In Part 1, I re-examine the statistical evidence on bias against female plaintiffs in reasonable notice awards. I show that the data do not bear out any direct evidence of gender bias in the case law. I show that there are, however, other channels through which gender bias has subsisted. In Part 2, I explore the potential for judges to use algorithmic predictions in the decision-making process, arguing that there may be still be concerns about bias, depending on how the algorithm is implemented. In short, great care needs to be taken to ensure that the algorithm does not reinforce hidden biases in the law. I further explore the possibility of alternative types of algorithms that do not rely on judicial decisions as data. A final part concludes.

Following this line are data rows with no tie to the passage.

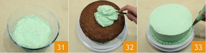 Add the powdered sugar to the cream when it is semi-whipped 30 and then color it with a few drops of yellow food coloring 31 and a few drops of blue food coloring 32 until you achieve an aqua green color.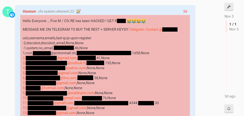 On November 3rd, one of those element accounts suddenly popped up. The attacker used a compromised element account to create a post in which they revealed to have access to account data.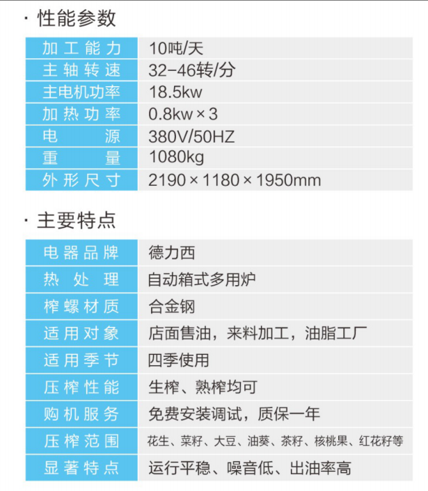 ★壓榨范圍:花生、大豆、菜籽、油葵、茶籽、芝麻等;★適用對象:店面油坊和微小油坊;★壓榨性能:熱榨一次榨盡,免費(fèi)安裝調(diào)試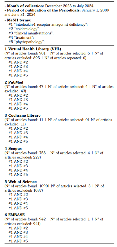 Materials and methods: A systematic review of the literature was conducted in the PubMed, Scopus, Web of Science, and the Virtual Health Library databases between January 2009 and June 2024 in accordance with the PRISMA (Preferred Reporting Items for Systematic Reviews and Meta-Analyses) protocol. The following MeSH descriptors were used: “interleukin-1 receptor antagonist deficiency,” “epidemiology,” “clinical manifestations,” “treatment,” and “physiopathology.”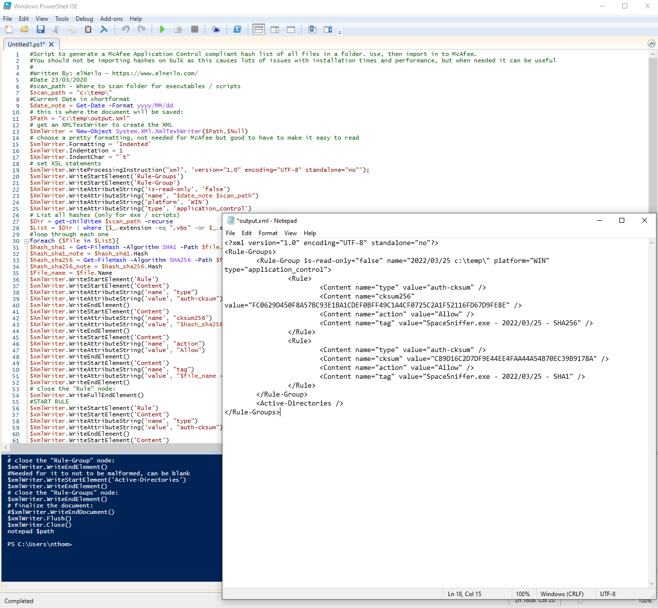 #Script to generate a McAfee Application Control compliant hash list of all files in a folder. Use, then import in to McAfee.#You should not be importing hashes on bulk as this causes lots of issues with installation times and performance, but when needed it can be useful##Written By: elNeilo - https://www.elneilo.com/#Date 23/03/2020#scan_path - Where to scan folder for executables / scripts$scan_path = \\server\share\path\folder#Current Date in shortformat$date_note = Get-Date -Format yyyy/MM/dd# this is where the document will be saved:$Path = "C:\output.xml"# get an XMLTextWriter to create the XML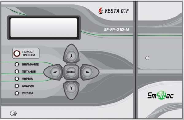 Устройство имеет одну адресно-кольцевую линии связи по 255 адресных устройств (длиной до 1000 м) с контролем на обрыв, КЗ и утечки на «землю». Также он имеет одну кольцевую линию связи RS-485 для подключения к другим центральным блокам Vesta 01F. Возможность постановка и снятие с охраны при помощью ключей Touch Memory ( до 256 ключей ). Основное и резервное питание 12-24В.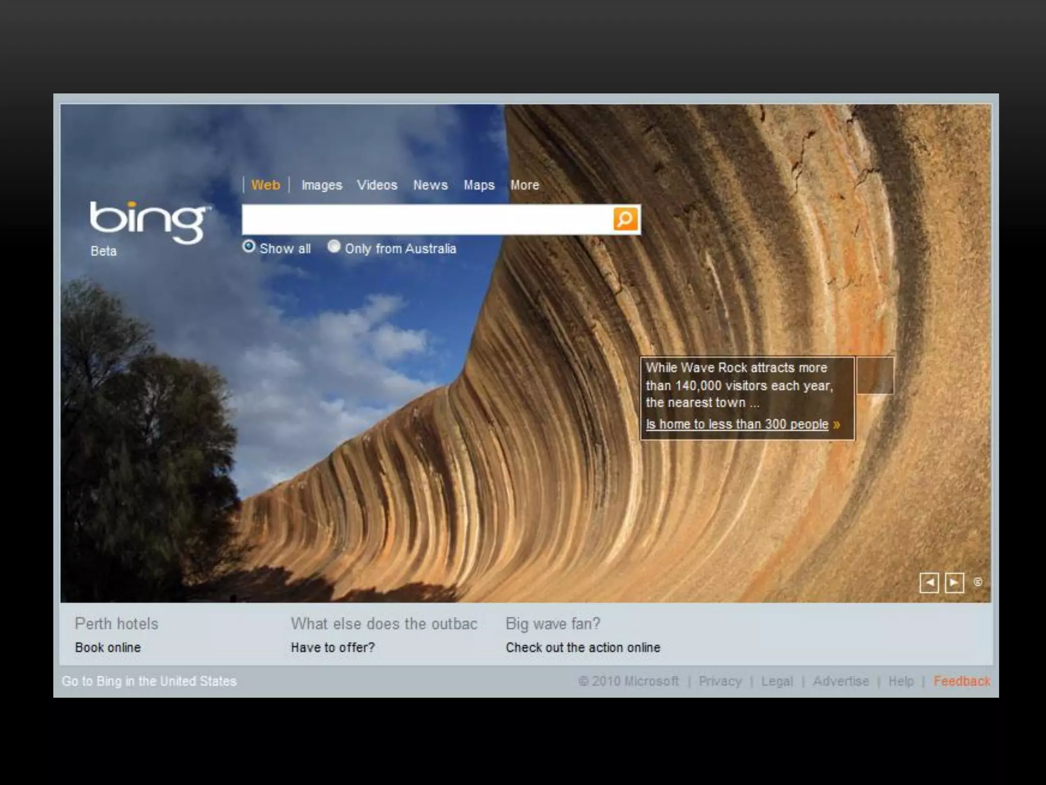 This document provides an overview of Bing search capabilities presented by Mark Vozzo of Microsoft. It includes demos of augmented reality, paid search analytics, enhanced search previews using Wikipedia, visual search, weather comparisons, travel search, math computations using WolframAlpha, and map applications showing photosynth, the World Cup, and streetside photos. Vozzo also discusses Bing partnerships and integration with MSN Entertainment and Foursquare. Requirements to run demos include Internet Explorer 8 and Silverlight 3.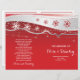 Lovely rows of red and white snowflakes and stars silver grey folded wedding ceremony and party program displaying a waved band with snowflakes in red and white and silver grey stars on red background. This is an ideal choice for a December winter or Christmas wedding. Fold it in half to have a folded wedding program. The value paper type folds well, so choose only that.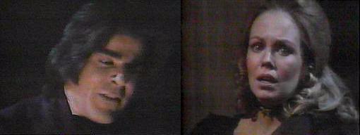 Bramwell examine the doors--I'm going to try to break it down, he insists. It's no use, says Catherine tiredly, leaning against one of the bedposts--we're here at least until morning, if not longer. No, he says, our child must live! She shakes her head--I suddenly feel so tired. Sit down, my darling, he urges, helping her to a chair--sit over here--I'll try the door. He picks up a wooden chair and tosses it at the door; it bounces back at him, catching him in the hand (that musta hurt!) No, he says, then takes a letter opener and tries to break the lock. When that fails, he tosses it to the floor, vowing in a ragged voice, I'll get you out of here! The wind blows, the lights flicker. What's happening? asks Bramwell--something's happening--Catherine, are you all right? He goes to check her--thank heaven you're all right. Why do you keep calling me Catherine? she demands--my name is Amanda! Bramwell stares at her in dismay, shaking his head.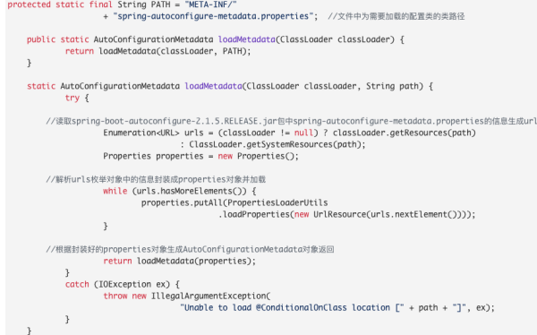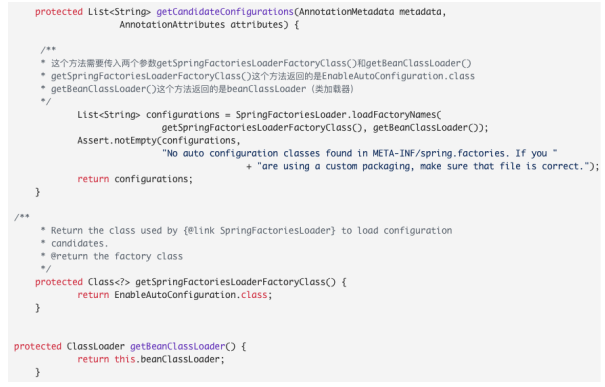 public static List<String> loadFactoryNames(Class<?> factoryClass, @Nullable ClassLoader classLoader) { //获取出入的键 String factoryClassName = factoryClass.getName(); return (List)loadSpringFactories(classLoader).getOrDefault(factoryClassName, Collections.emptyList()); } p rivate static Map<String, List<String>> loadSpringFactories(@Nullable ClassLoader classLoader) { MultiValueMap<String, String> result = (MultiValueMap)cache.get(classLoader); if (result != null) { return result; } else { try { //如果类加载器不为null,则加载类路径下spring.factories文件,将其中设置的配置类的全路径信息封装 为Enumeration类对象 Enumeration<URL> urls = classLoader != null ? classLoader.getResources("META-INF/spring.factories") : ClassLoader.getSystemResources("META-INF/spring.factories"); LinkedMultiValueMap result = new LinkedMultiValueMap(); //循环Enumeration类对象,根据相应的节点信息生成Properties对象,通过传入的键获取值,在将值切割为一个个小的字符串转化为Array,方法result集合中 while(urls.hasMoreElements()) { URL url = (URL)urls.nextElement(); UrlResource resource = new UrlResource(url); Properties properties = PropertiesLoaderUtils.loadProperties(resource); Iterator var6 = properties.entrySet().iterator();while(var6.hasNext()) { Entry<?, ?> entry = (Entry)var6.next(); String factoryClassName = ((String)entry.getKey()).trim(); String[] var9 = StringUtils.commaDelimitedListToStringArray((String)entry.getValue()); int var10 = var9.length; for(int var11 = 0; var11 < var10; ++var11) { String factoryName = var9[var11]; result.add(factoryClassName, factoryName.trim()); } } } cache.put(classLoader, result); return result;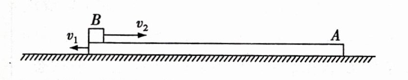 9.[滑块、滑板反向运动]质量为 $M = 1.0\ \text{kg}$的长木板 $A$在光滑水平面上以 $v_1 = 0.5\ \text{m/s}$的速度向左运动,某时刻质量为 $m = 0.5\ \text{kg}$的小木块 $B$以 $v_2 = 4\ \text{m/s}$的速度从左端向右滑上长木板,经过时间 $t = 0.6\ \text{s}$小木块 $B$相对 $A$静止,已知重力加速度 $g$取 $10\ \text{m/s}^2$,求: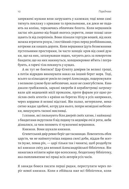 Це книжка про історію книжок — винахід перших людських цивілізацій. Щоб набути сучасного і зрозумілого нам вигляду, книжка мусила пройти шлях довжиною в кілька тисячоліть. Від глиняних табличок до першого друкарського верстата — авторка занурює читачів у мандри від давніх цивілізацій до сьогоднішніх часів. Маршрут цієї книжки пролягає через поле битви Олександра Македонського, віллу Папірусів під час виверження Везувію та палац Клеопатри, через перші відомі книгарні, ГУЛАГ, бібліотеку Сараєва та Оксфордський підземний лабіринт.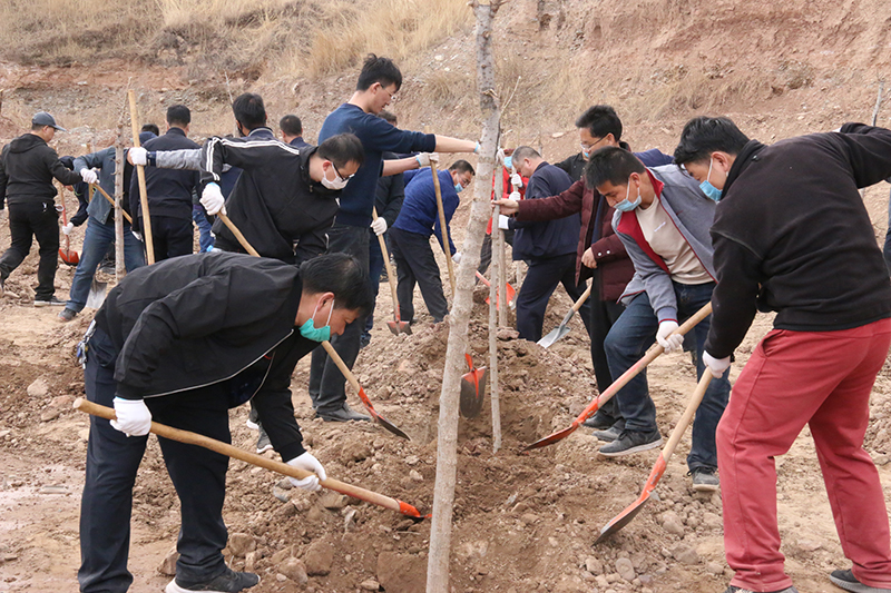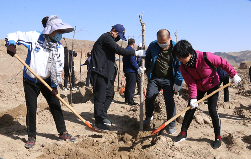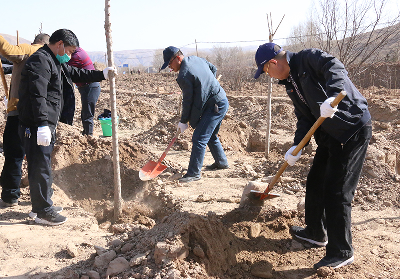 春風(fēng)吹拂處,新綠綻枝頭。為深入學(xué)習(xí)貫徹習(xí)近平總書記視察甘肅的重要講話和批示精神,認(rèn)真踐行綠水青山就是金山銀山的發(fā)展理念,實(shí)施綠色發(fā)展戰(zhàn)略,進(jìn)一步加強(qiáng)祁連山生態(tài)環(huán)境保護(hù)與治理,幫助幫扶鎮(zhèn)打贏脫貧攻堅(jiān)戰(zhàn),實(shí)施鄉(xiāng)村振興戰(zhàn)略,4月9日,學(xué)院領(lǐng)導(dǎo)班子成員、幫扶干部、駐村干部及部分教職工70多人深入結(jié)對(duì)幫扶鎮(zhèn)——黑松驛鎮(zhèn)開展義務(wù)植樹活動(dòng),建設(shè)“生態(tài)示范林”。春光沐浴的祁連山腳下黑松驛鎮(zhèn),春意盎然,生機(jī)勃勃,正是植樹好時(shí)節(jié)。廣大教職工一下車就拿起鐵鍬到植樹現(xiàn)場(chǎng),與黑松驛鎮(zhèn)政府部分干部一起投入植樹活動(dòng),按照“橫看直線側(cè)一線、三埋兩踩一提苗”的技術(shù)要求,三人一組,分工協(xié)作,有序配合,揮鍬培土、扶苖踩土、圍堰澆水,現(xiàn)場(chǎng)一派熱火朝天的勞動(dòng)景象。當(dāng)天植樹育林約20余畝,一棵棵新栽的樹苗整齊排列,迎風(fēng)挺立。通過義務(wù)植樹,廣大教職工用實(shí)際行動(dòng)傳播著生態(tài)文明、綠色發(fā)展理念,切實(shí)幫助幫扶鎮(zhèn)綠起來,美起來,富起來。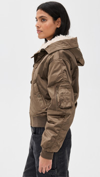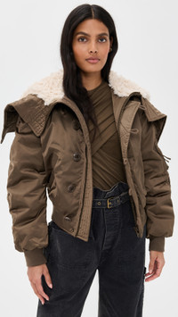 - Fabric: Heavyweight, non-stretch technical weave - Button flap and hidden zip placket - Ribbed knit edges - Faux shearling trim - Convertible hood with zip - Hooded neckline - Long sleeves with dropped shoulders - Slant hip pockets - Shell: 100% polyester - Lined - Lining: 100% polyamide - Fill: 100% polyester - Dry clean - Imported, China Style #IMARA30984 Size & Fit Model measurements: Size 34: Samruddhi (5'8") usually wears size 32-34 Measurements from size 34 Length: 20.5in / 52.0cm, from shoulder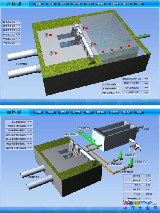 細格柵的間距比粗格柵小,為4mm,主要作用是進一步攔截污水中的污物。需要檢測格柵水位差、流量、泵狀態(tài)等參數(shù)。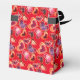 Favor Box featuring hand dawn and digitally designed, colorful, foil textured, red, orange, pink, purple stack, double heart lollipops pattern on a red background.
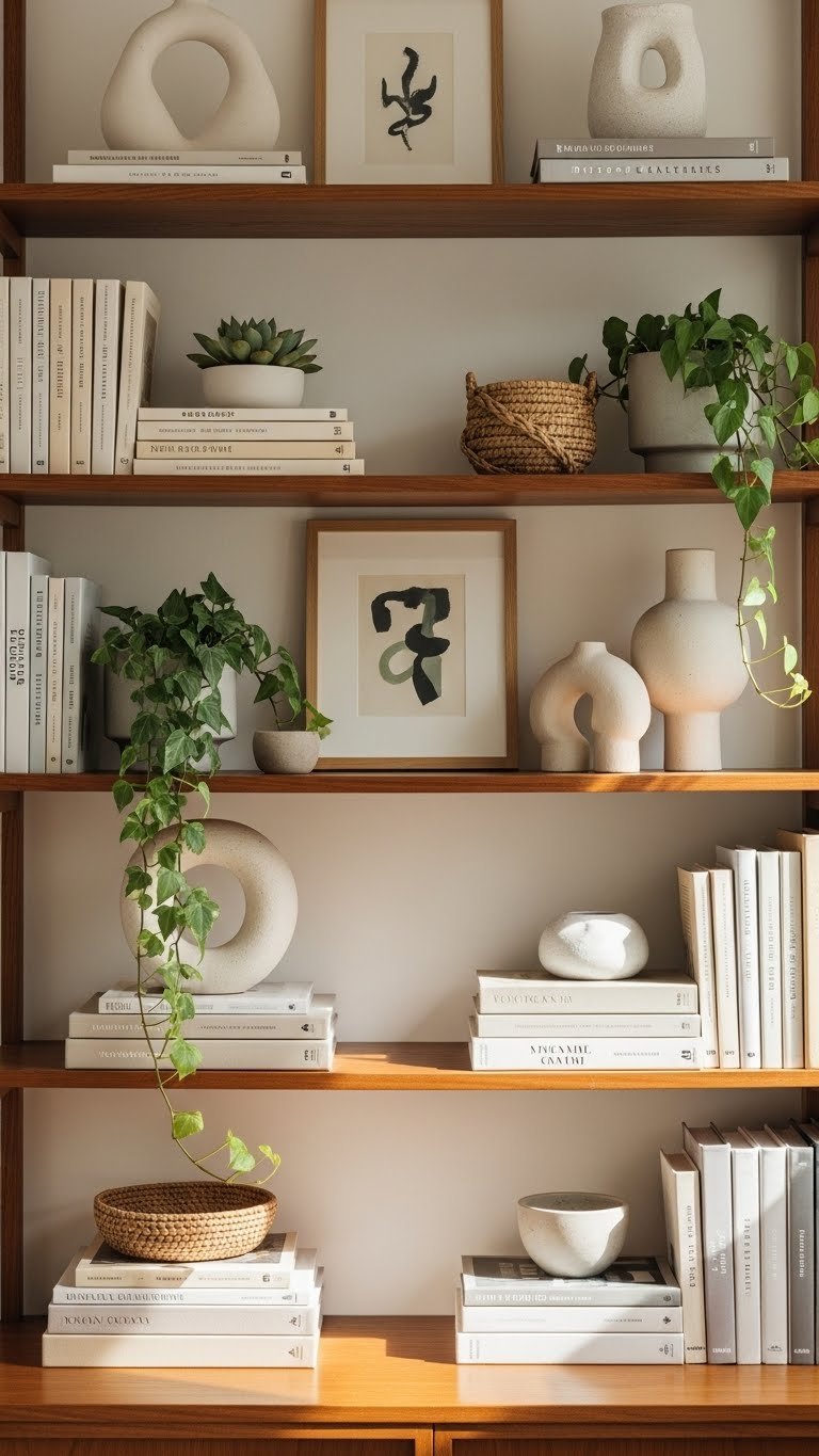 You’ll create curated stacks, alternating horizontal and vertical books, then punctuate with gallery vignettes and tactile pieces. Keep negative space, vary scale, and let each shelf breathe so your display feels liberated and purposeful.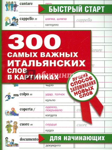 В книгу включены 300 широкоупотребительных слов современного итальянского языка (существительные, прилагательные, глаголы, наречия, местоимения). Картинка, русифицированная транскрипция, перевод на русский язык, письменное воспроизведение слова служат для активации различных видов памяти и в конечном счете позволяют быстрее запомнить необходимую лексику.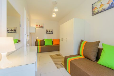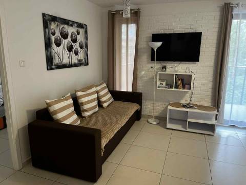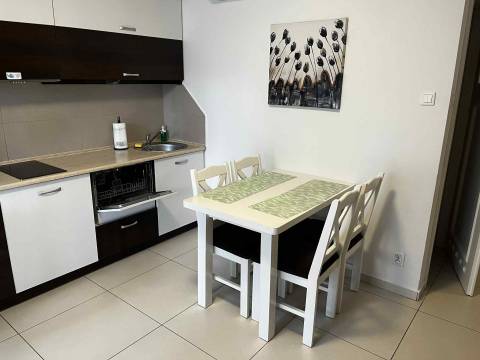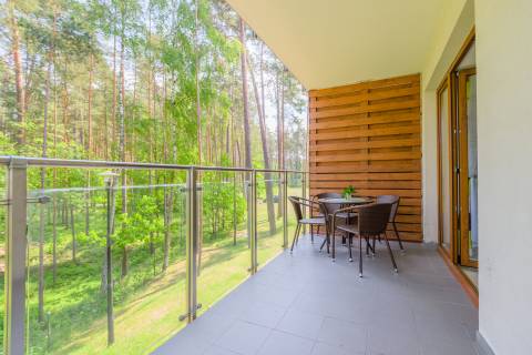 Kolorowy apartament o powierzchni 36m2 położony jest na I piętrze od strony wschodniej. Samodzielne mieszkanie składa się z salonu i aneksu kuchennego, oddzielnej sypialni, łazienki z kabiną prysznicową oraz balkonu. Z balkonu roztacza się przepiękny widok na las, co sprzyja relaksowi i przynosi kojący nastrój. Apartament będzie doskonałym wyborem na spędzenie urlopu dla maksymalnie sześciu osób. Miejsca noclegowe to: rozkładana kanapa dwuosobowa w salonie oraz dwie rozkładane kanapy w sypialni. Doskonały wybór dla Osób lubiących odpoczywać w otoczeniu przyrody.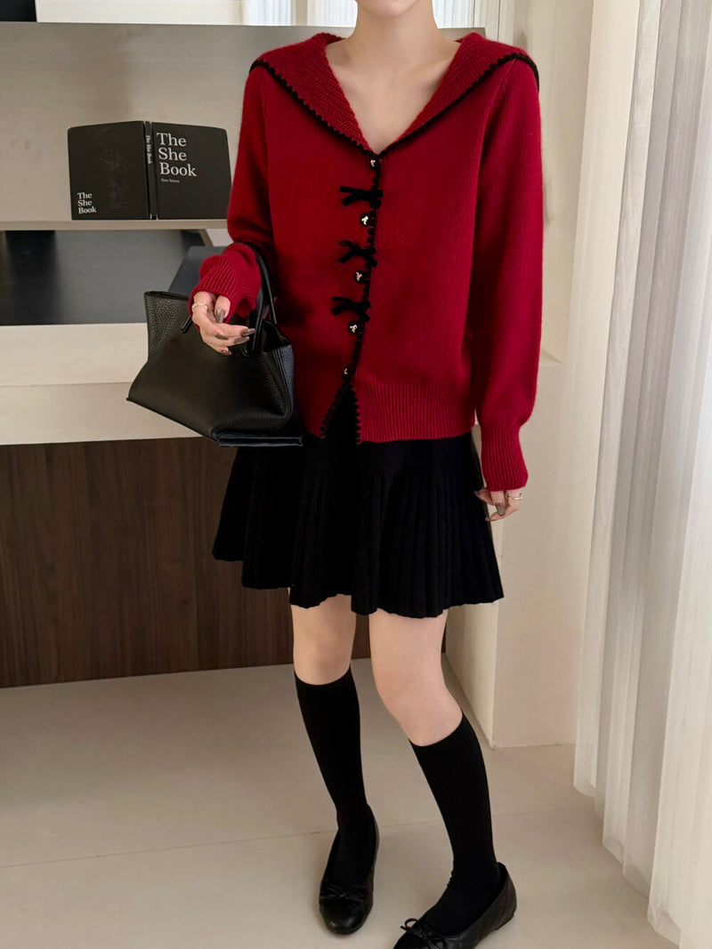 Bowknot button folded collar cardigan

  1. Gender bias and reasonable notice awards

    In this Part of the paper, I examine the evidence as to whether the existing case law on reasonable notice awards reflects gender bias against female plaintiffs. First, I will provide a short background of the legal issue. Next, I discuss the prior literature on gender differences in this area of law. I will describe the dataset of 1,728 cases from 1997 to 2019 and discuss my results. In simple linear regression tests, there is no direct evidence of gender bias. But I also explore other channels through which female plaintiffs may have been treated unfavourably.

    1.1 The legal background

    Under Canadian employment law, workers dismissed without cause are entitled to a reasonable notice period...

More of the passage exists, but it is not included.